Questions for LGBT+ leaders

Here are some questions for LGBT Leaders to ponder on their journey.

  • Is it safe to bring myself to work?
  • Is it safe for others? How do I make it so?
  • Am I OK with being me?
  • What do I do about those who are not?
  • How do my and other’s biases get in the way?
  • What are the barriers and stepping-stones?
  • How do I flex my style effectively to be a leader?
  • How does my authorising environment (i.e. the context I am in and what it allows me to do) prevent or help me?
  • What does this mean for me, for the authorising environment and for other leaders?

Questions for Researchers

Here are some questions of issues which need researching.

  1. How do we articulate a suitably nuanced leadership model which takes into account the best of LGBT studies and the best of Leadership Psychology
  2. How do we articulate the implications of this for policy, practice, employers and education of future and existing leaders?
  3. Without gliding over problems, can we take a positive psychology approach to this based on human and organisational flourishing? What would that look like?

References

Bilodeau, B. L. and Renn, K. A. (2005), Analysis of LGBT identity development models and implications for practice. New Directions for Student Services, 2005: 25-39. doi:10.1002/ss.171

Buchanan, D. and Badham, R. (2008). Power, politics, and organizational change. Los Angeles: SAGE.
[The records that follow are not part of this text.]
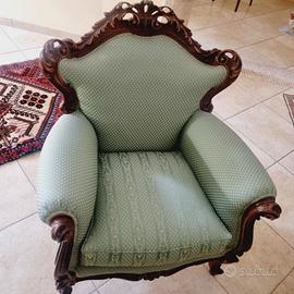divano 7 posti angolare , composto da 3 sedute e 2 da 2 posti con 2 poltrone singole con struttura in vero legno noce e sedute in tessuto verde condizioni pari al nuovo vendesi in blocco No perditempo contattare solo se interessato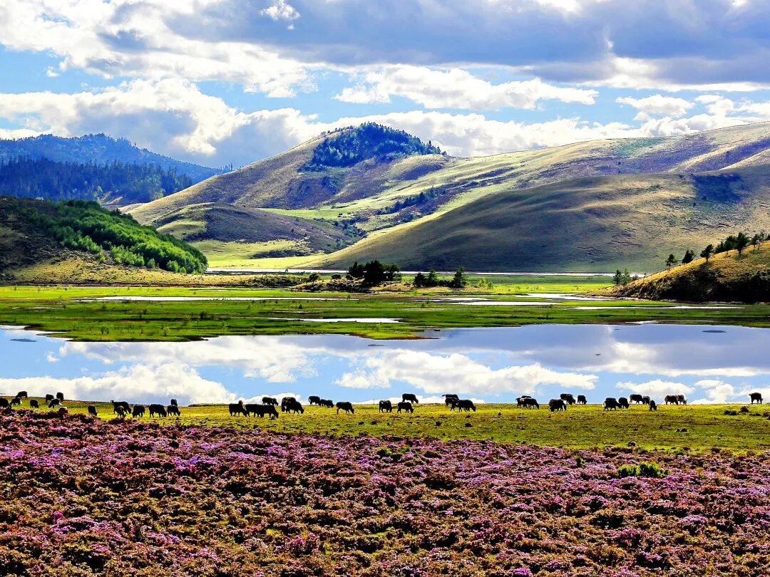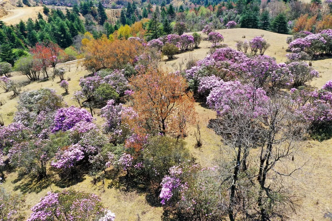 5月,正是昭觉谷克德省级湿地公园杜鹃花盛开的季节,姹紫嫣红的索玛花把整个谷克德湿地渲染得五彩斑斓。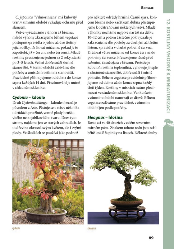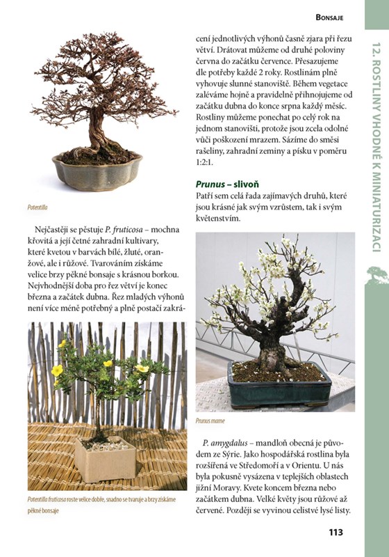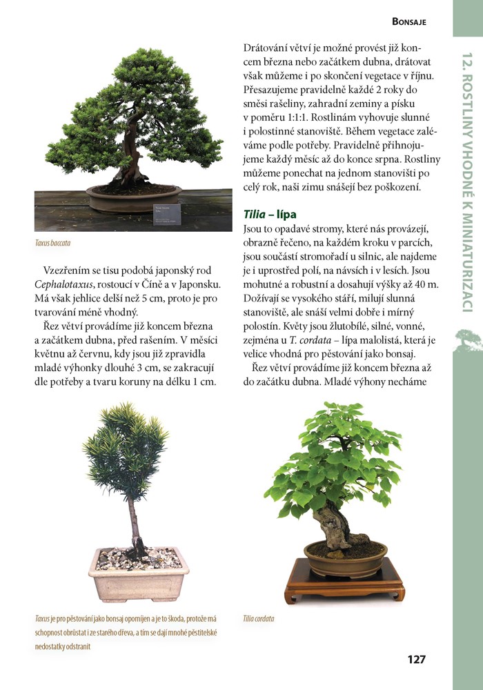 - rozsáhlou obrazovou část shrnující nejvhodnější druhy dřevin vhodných k miniaturizaci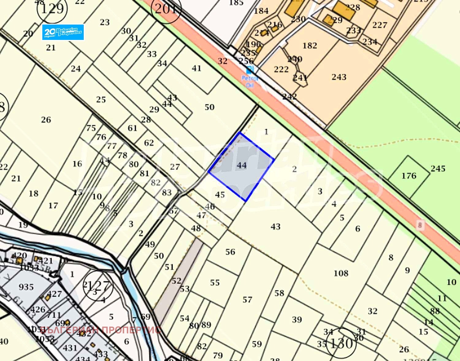 Парцелът (4930 кв.м.) е равен, отреден за административна сграда и комплекс съоръжения. Намира се на ведомствен път.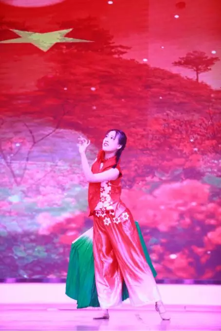本次晚会,我院选送了多个优秀节目参演,展示出了我院学生扎实的专业基础和优秀的专业风采。我院的赵子萱同学带来的女声独唱《阳光路上》充分展现中国人民坚持走中国特色社会主义道路的道路自信:由彭靖惟同学带来的舞蹈《映山红》反映了革命实践的真实写照,唤起全场观众对红色年代的记忆;洞箫独奏《大鱼》,箫声穿越岁月,幽幽吹响那梦里的念想,庄忠河老师与洪安琪同学用深邃的箫声与清脆的钢琴声将观众带入遐想;由郑星宇、王鑫等同学带来的萨克斯四重奏《我和我的祖国》,吹奏出共产党人不忘初心、奋力拼搏的篇章。晚会最后,全场人员大合唱《歌唱祖国》,大家挥舞国旗、气宇轩昂,用最真挚的歌声和最高亢的气势,向伟大祖国“表白”,唱出对祖国的热爱与祝福,赞颂祖国70年的辉煌成就,把晚会气氛推向了高潮。
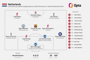 體育資訊9月5日訊 荷蘭在本輪世預(yù)賽主場1-1戰(zhàn)平波蘭,荷蘭隊(duì)本場比賽首發(fā)有8人都來自英超。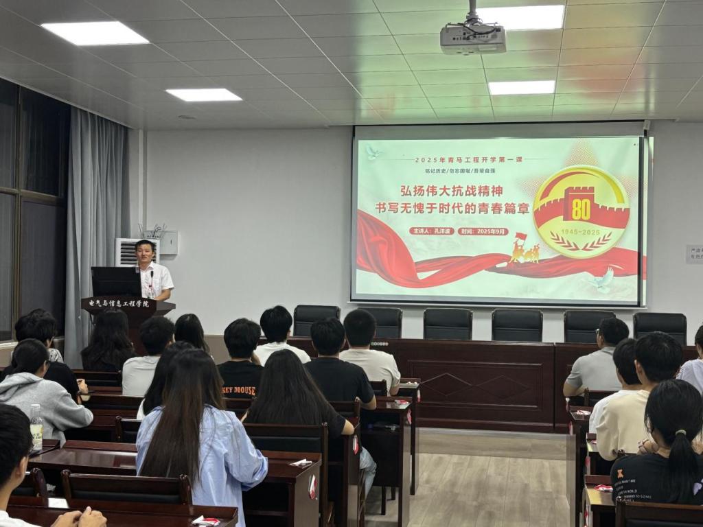 9月29日晚,公司在秀山校区电气楼113报告厅成功举办青马工程新学期“开学第一课”。公司党委副书记、纪委书记、副经理孔洋波以“弘扬伟大抗战精神、书写无愧于时代的青春篇章”为主题,为全体“青马工程”学员讲授课程,公司团委书记甘如美江、副书记蒋安东、“青马工程”学员及全体员工会干部共同参加学习。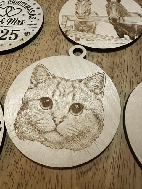 Honor the memory of your beloved feline companion with this personalized cat memorial ornament, beautifully crafted to keep their spirit close to your heart. This custom wooden keepsake features a highly detailed engraved portrait of your cat, making it a timeless tribute you can cherish forever.
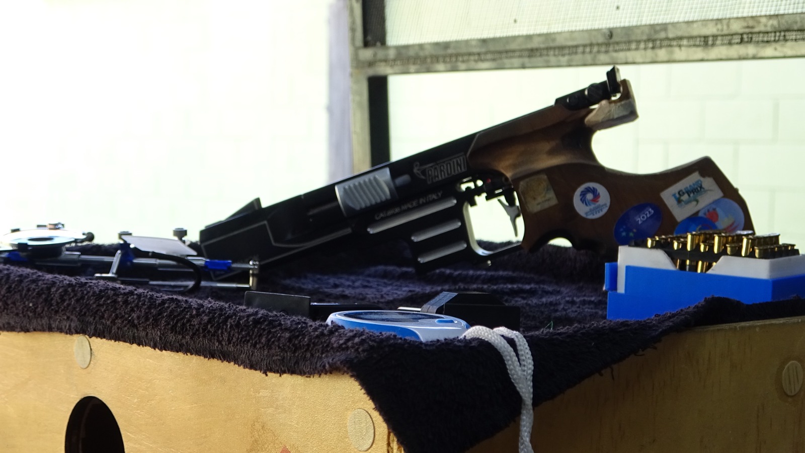Esta modalidad tiene las dos categorías: masculina y femenina. Con una pistola de aire comprimido calibre 4,5 mm y peso del gatillo a 500 g.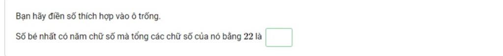Vậy số nhỏ nhất cần tìm là: 10399 thỏa mãn điều kiện tổng 5 chữ số bằng 22.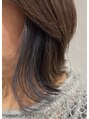 インナー部分をケアブリーチして、ブルーを◯全体は暗めのオリーブベージュで、くすませてバランスも◯顔周りにレイヤーカットをすることで、インナーもしっかり見えてくれるスタイルです!
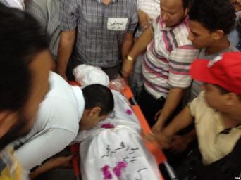 | Keywords: Woman killed at Rabia el-Adawiya mosque in Cairo 27-July-2013.jpg en A Morsi supporter kisses the body of a woman killed in early morning clashes with security forces at Rabia el-Adawiya mosque in Cairo July 27 2013 Elizabeth Arrott/VOA de Ein Mursi-Unterstützer küsst den Leichnam einer Frau die bei den frühmorgendlichen Zusammenstößen mit Sicherheitskräften an der Rabia-al-Adawija-Moschee in Kairo am 27 Juli 2013 getötet wurde Elizabeth Arrott/VOA http //gdb voanews com/1CE6AA44-C41E-49E3-AA8C-9FF820AFC74E_mw1228_mh548_s jpg Elizabeth Arrott/VOA 2013-07-27 PD-USGov-VOA Sources image embedded 1 http //www webcitation org/6LjXT3UvO Clashes in Egypt Voice Of America 27 July 2013 archived from the http //www voanews com/media/photogallery/1711271 html original on 9 December 2013; 2 http //www voanews com/content/death-toll-rises-in-egypt-protests/1711153 html; 3 http //www voanews com/content/cairo-protesters-ignore-military-orders-to-disperse/1711546 html Demonstrations and protests in Egypt in 2013 Human corpses 2013 coup d'état in Egypt |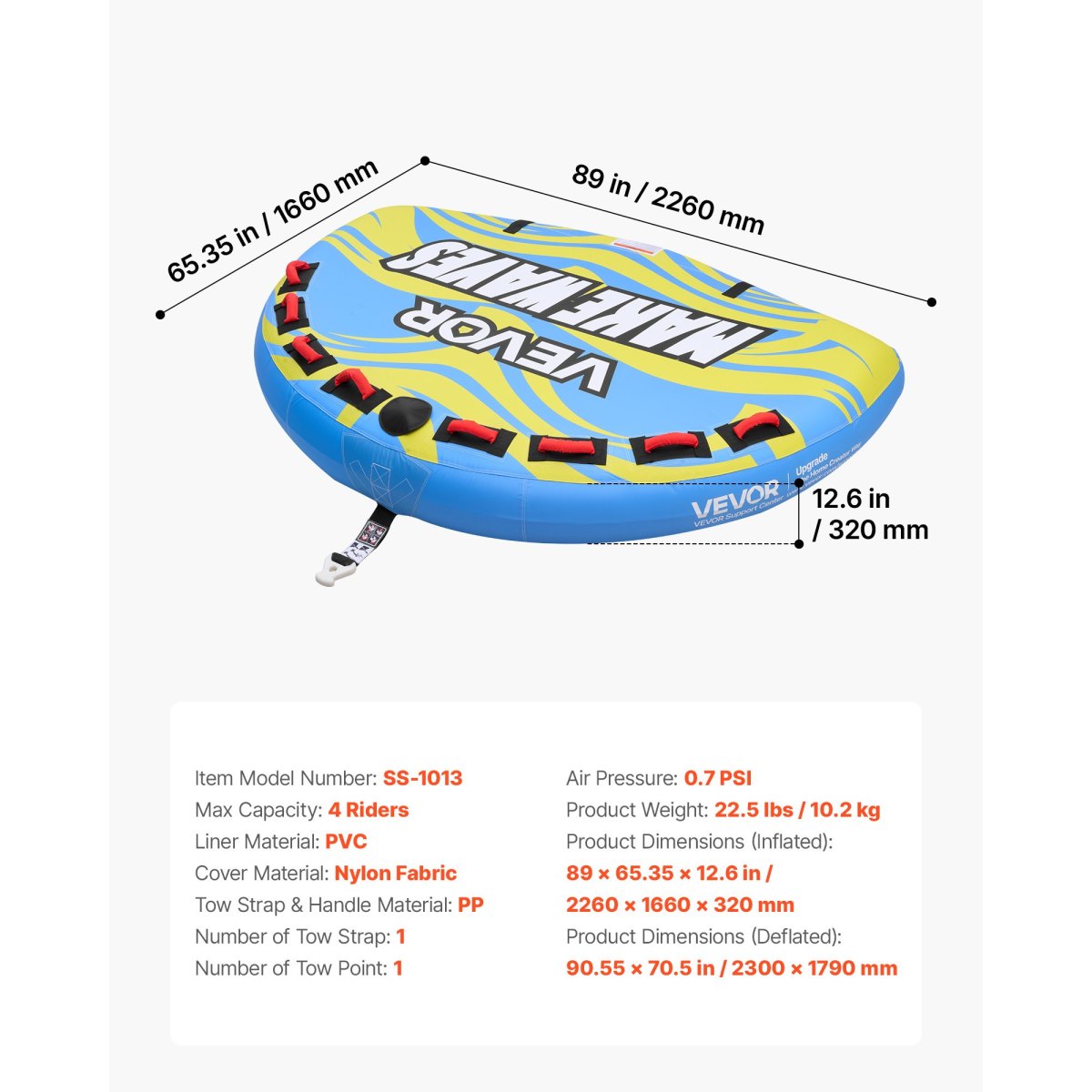Thrilling & Secure Riding: VEVOR towable tube for boating features stabilizing fins for added stability, helping keep you from being thrown off by waves. And the streamlined D-shaped design minimizes water resistance, allowing you to enjoy smoother rides

Cass, V. (1979). Homosexual identity formation: A theoretical model. Journal of Homosexuality, 4 (3), 219-235.

Currie, G., & Lockett, A. (2007). A critique of transformational leadership: Moral, professional and contingent dimensions of leadership within public services organizations. Human Relations, 60(2), 341–370. https://doi.org/10.1177/0018726707075884

Fassinger, R; Shullman, S and Stevenson, M (2010 Toward an Affirmative Lesbian, Gay, Bisexual, and Transgender Leadership Paradigm. American Psychologist. 65(3):201-215, April 2010.

Kaufman, Joanne and Johnson, Cathryn (2004) Stigmatized Individuals and the Process of Identity, The Sociological Quarterly, 45 (4), 807–33

Lee M. (2014), “Transformational Leadership: Is It Time For A Recall?”, International Journal of Management and Applied Research, Vol. 1, No. 1, pp. 17-29.https://doi.org/10.18646/2056.11.14-002

McManus, J (2015) Healthcare provision in relation to faith issues: issues for healthcare employers Paper for the Equality and Human Rights Commission Invited Rountable on Religion and Health, 23 rd July 2015

Poole, Eve. (2009). Organisational Spirituality – A Literature Review. Journal of Business Ethics. 84. 577-588. 10.1007/s10551-008-9726-z.

Poole, E (2017) Leadersmithing. London: Bloombsury.